▸ **PROBLEM REQUIREMENTS**: Below are entries with pictures in them. Output exactly the lines starting at the line with "Happy holidays Santa" and ending at the line with "A gauche, groupe", both included, but not the pictures.

▸ **DATA TO EXAMINE**:

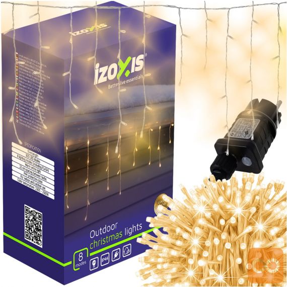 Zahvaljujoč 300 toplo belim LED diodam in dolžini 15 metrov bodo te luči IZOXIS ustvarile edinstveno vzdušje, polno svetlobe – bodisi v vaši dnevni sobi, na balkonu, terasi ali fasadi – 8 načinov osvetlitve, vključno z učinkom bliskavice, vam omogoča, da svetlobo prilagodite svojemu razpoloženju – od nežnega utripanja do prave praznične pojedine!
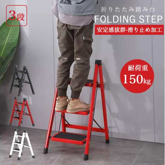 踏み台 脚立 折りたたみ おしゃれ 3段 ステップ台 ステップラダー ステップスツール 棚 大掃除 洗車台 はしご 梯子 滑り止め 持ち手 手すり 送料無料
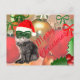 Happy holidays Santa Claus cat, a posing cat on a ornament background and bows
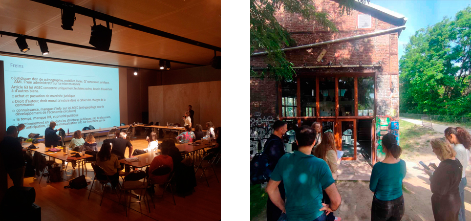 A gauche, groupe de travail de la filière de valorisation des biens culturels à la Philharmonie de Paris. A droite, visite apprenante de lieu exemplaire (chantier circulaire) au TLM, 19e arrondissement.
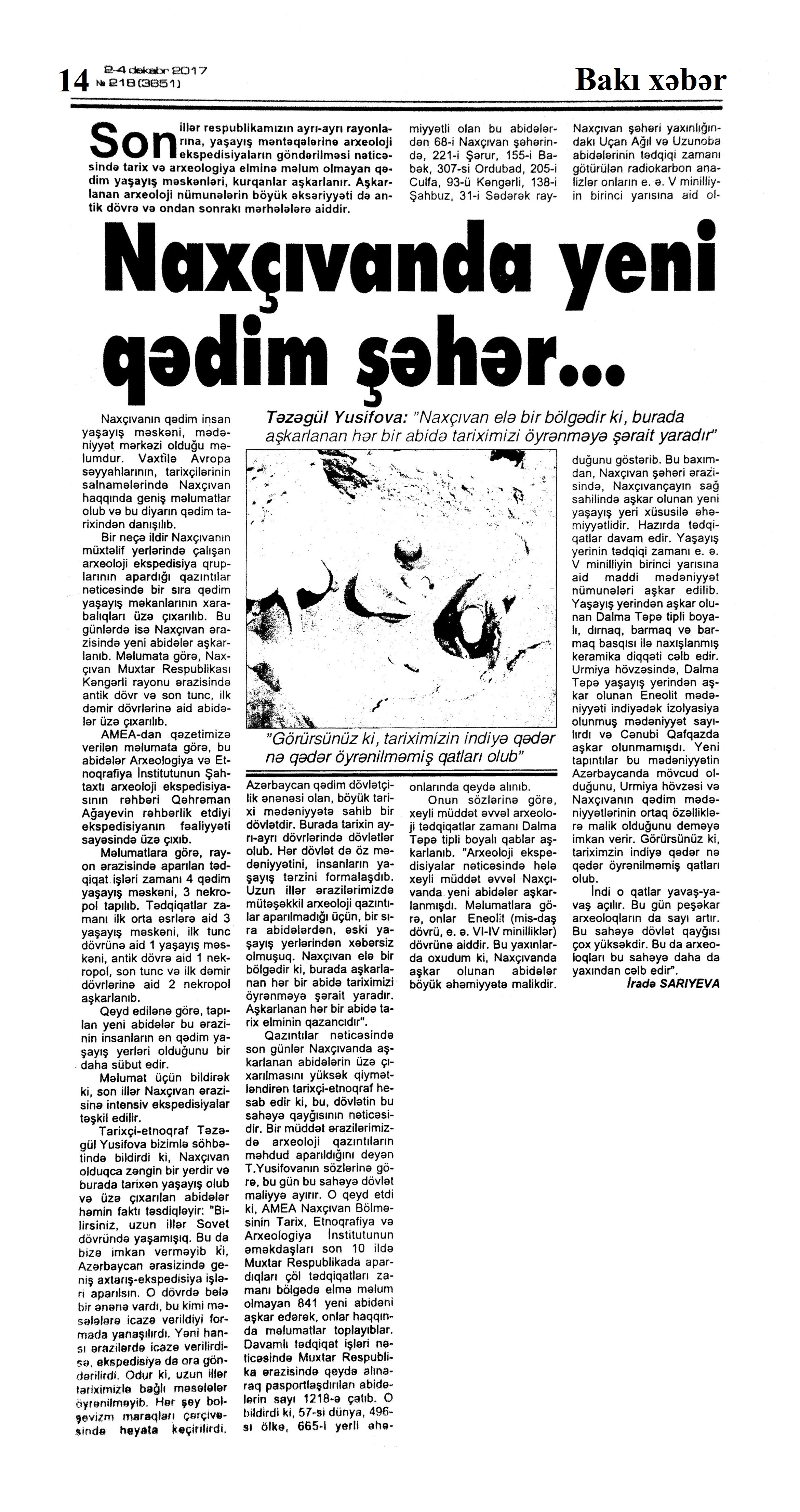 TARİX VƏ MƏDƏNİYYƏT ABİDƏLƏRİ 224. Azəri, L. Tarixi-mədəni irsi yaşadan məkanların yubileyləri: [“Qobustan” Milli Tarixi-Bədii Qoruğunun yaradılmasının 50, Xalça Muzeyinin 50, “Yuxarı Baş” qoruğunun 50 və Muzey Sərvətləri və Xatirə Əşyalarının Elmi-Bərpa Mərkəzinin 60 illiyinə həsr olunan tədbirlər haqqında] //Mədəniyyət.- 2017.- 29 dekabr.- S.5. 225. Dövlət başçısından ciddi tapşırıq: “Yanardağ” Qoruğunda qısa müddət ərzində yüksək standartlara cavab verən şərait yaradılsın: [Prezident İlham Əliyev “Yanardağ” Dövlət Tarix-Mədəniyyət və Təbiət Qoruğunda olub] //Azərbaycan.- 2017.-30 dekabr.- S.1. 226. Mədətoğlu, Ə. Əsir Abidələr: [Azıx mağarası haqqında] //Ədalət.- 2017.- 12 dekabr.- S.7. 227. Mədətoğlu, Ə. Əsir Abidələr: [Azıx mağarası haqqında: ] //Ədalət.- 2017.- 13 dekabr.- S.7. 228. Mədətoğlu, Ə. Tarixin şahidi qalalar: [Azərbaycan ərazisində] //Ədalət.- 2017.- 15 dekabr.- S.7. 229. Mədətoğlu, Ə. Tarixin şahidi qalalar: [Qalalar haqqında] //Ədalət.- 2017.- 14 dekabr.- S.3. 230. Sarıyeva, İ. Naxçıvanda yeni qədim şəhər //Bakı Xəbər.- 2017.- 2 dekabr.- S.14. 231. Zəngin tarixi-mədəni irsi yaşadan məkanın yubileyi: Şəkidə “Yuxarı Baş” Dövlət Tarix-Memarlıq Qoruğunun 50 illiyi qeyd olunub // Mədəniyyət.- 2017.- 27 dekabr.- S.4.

* * *

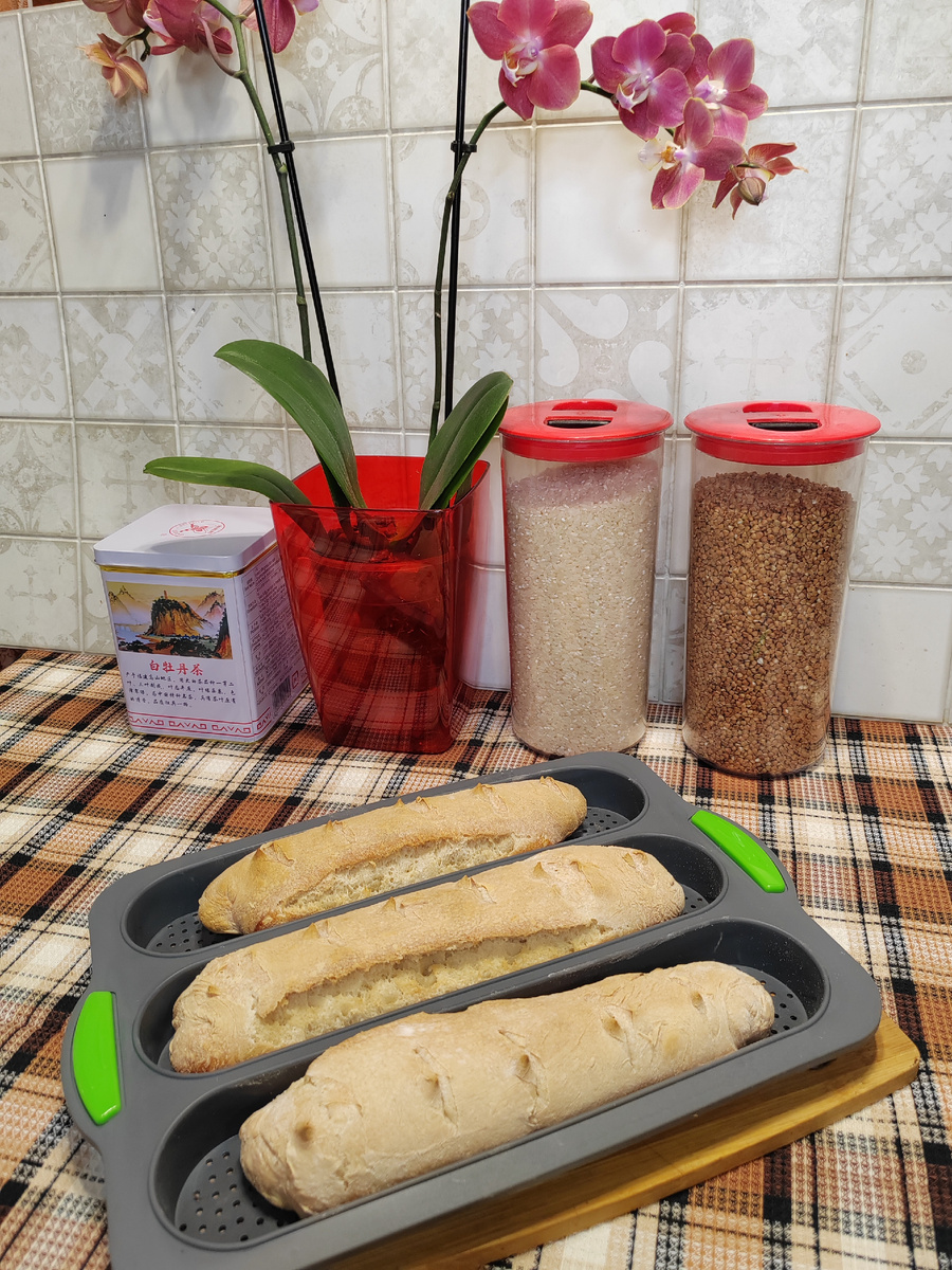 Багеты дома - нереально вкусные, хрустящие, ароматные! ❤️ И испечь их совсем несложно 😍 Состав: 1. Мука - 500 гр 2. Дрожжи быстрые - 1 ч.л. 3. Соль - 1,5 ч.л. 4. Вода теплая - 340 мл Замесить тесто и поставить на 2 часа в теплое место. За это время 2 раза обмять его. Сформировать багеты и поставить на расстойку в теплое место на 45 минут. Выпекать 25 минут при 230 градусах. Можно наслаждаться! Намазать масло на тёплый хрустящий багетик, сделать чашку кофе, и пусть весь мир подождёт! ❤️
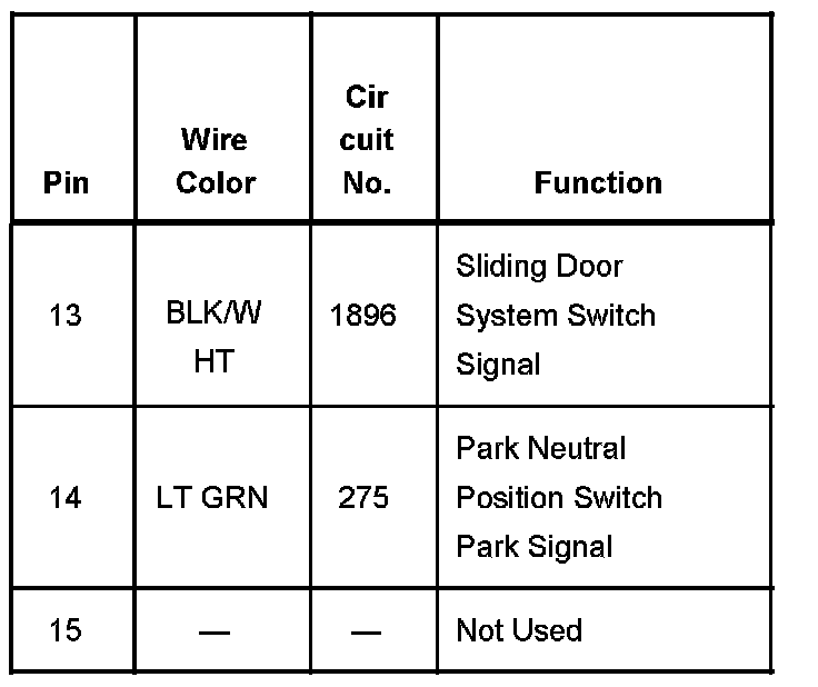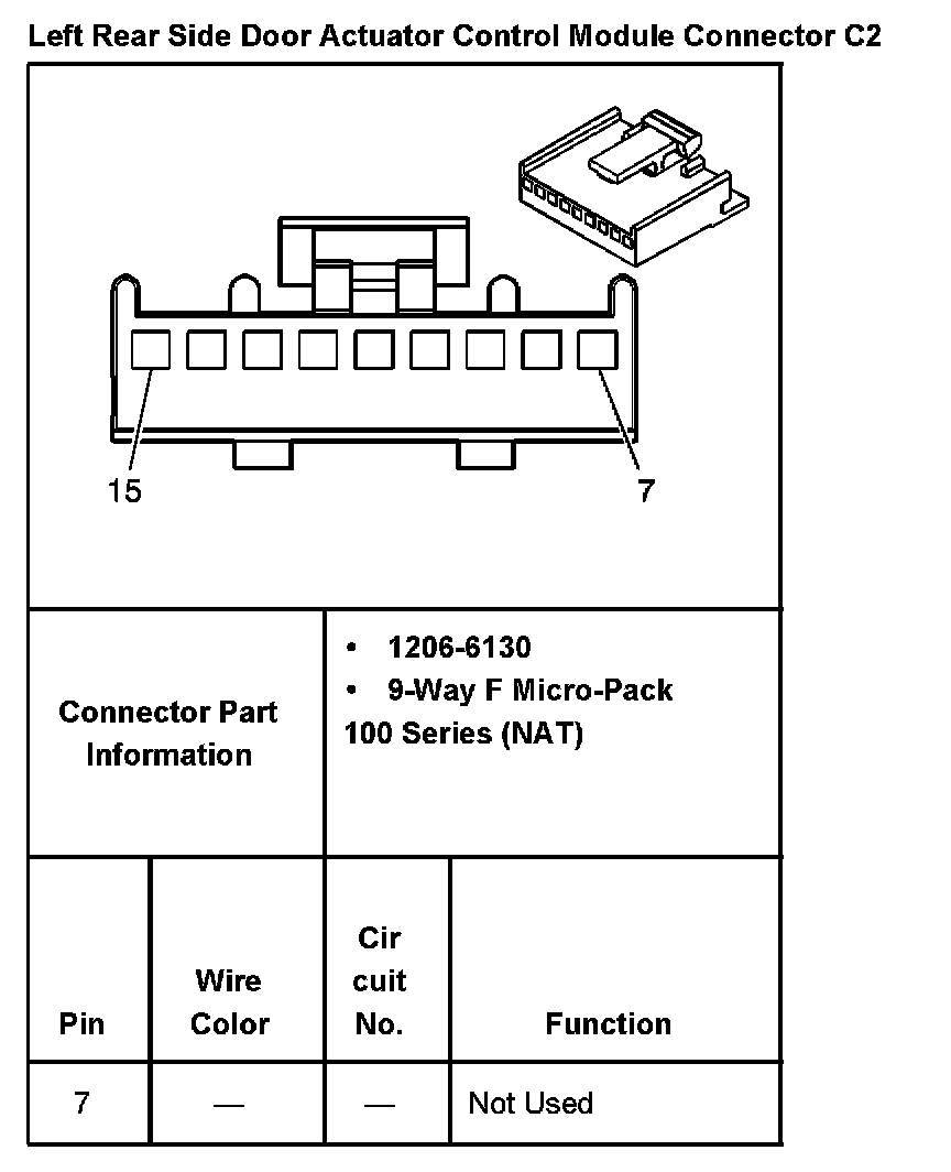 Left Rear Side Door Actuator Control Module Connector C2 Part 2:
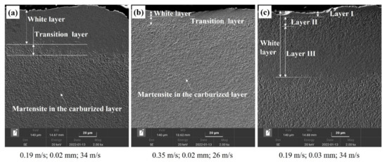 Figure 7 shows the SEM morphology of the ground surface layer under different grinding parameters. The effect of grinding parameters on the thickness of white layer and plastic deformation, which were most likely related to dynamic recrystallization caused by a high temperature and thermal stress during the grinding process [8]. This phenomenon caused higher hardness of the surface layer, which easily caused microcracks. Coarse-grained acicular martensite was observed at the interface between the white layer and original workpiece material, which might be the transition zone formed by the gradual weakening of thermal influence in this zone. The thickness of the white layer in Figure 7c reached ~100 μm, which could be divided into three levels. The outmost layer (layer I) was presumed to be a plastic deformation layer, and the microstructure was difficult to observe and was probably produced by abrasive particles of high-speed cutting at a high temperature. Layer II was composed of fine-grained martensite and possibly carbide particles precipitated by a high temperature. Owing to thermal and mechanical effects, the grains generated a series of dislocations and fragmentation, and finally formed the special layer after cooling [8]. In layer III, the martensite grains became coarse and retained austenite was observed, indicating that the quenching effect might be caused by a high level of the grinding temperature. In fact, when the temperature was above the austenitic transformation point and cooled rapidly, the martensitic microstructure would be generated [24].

---

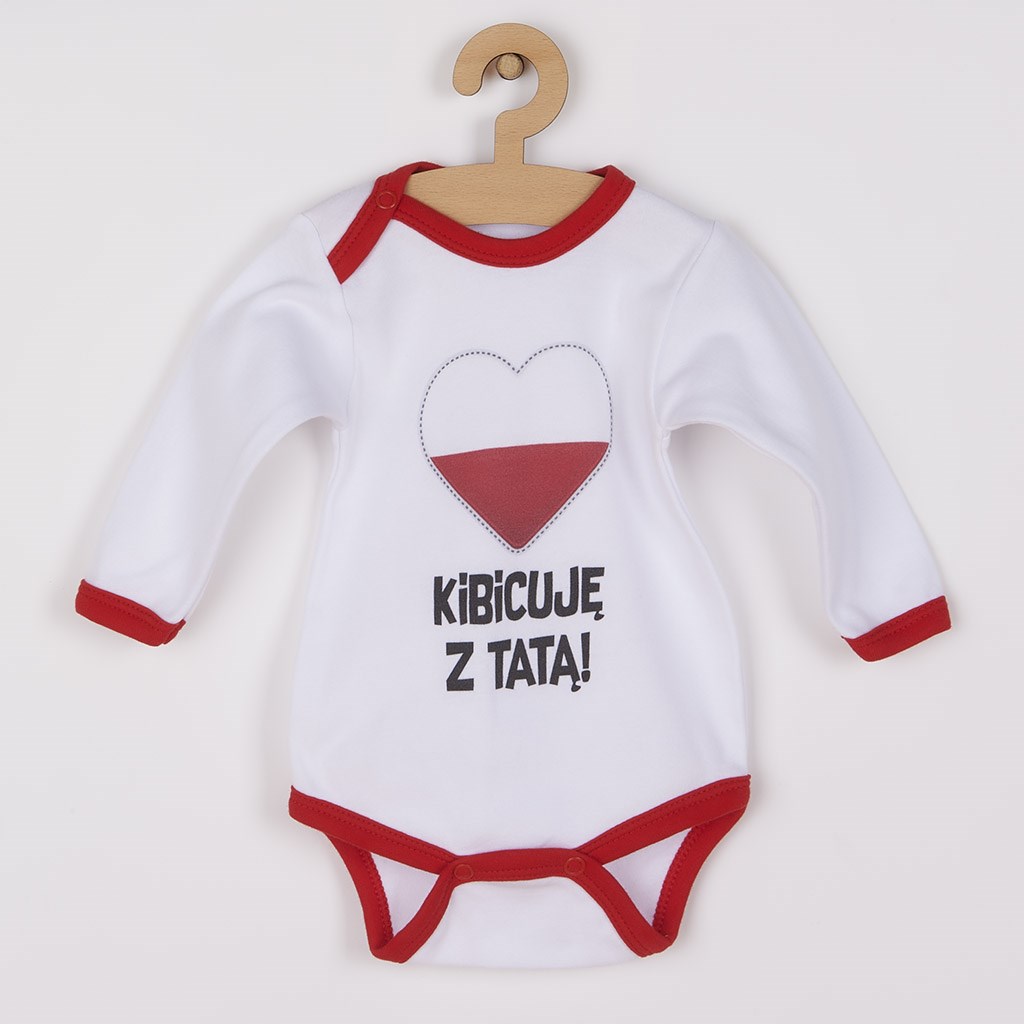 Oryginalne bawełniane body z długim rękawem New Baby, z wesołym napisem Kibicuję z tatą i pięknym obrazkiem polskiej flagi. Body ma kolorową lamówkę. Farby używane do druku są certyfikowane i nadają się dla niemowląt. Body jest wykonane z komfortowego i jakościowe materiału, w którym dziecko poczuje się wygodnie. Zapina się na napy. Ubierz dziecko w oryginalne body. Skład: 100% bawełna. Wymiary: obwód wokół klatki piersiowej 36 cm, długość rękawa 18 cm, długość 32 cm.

▸ **RESPONSE TO THE EXERCISE**:
 Happy holidays Santa Claus cat, a posing cat on a ornament background and bows
 A gauche, groupe de travail de la filière de valorisation des biens culturels à la Philharmonie de Paris. A droite, visite apprenante de lieu exemplaire (chantier circulaire) au TLM, 19e arrondissement.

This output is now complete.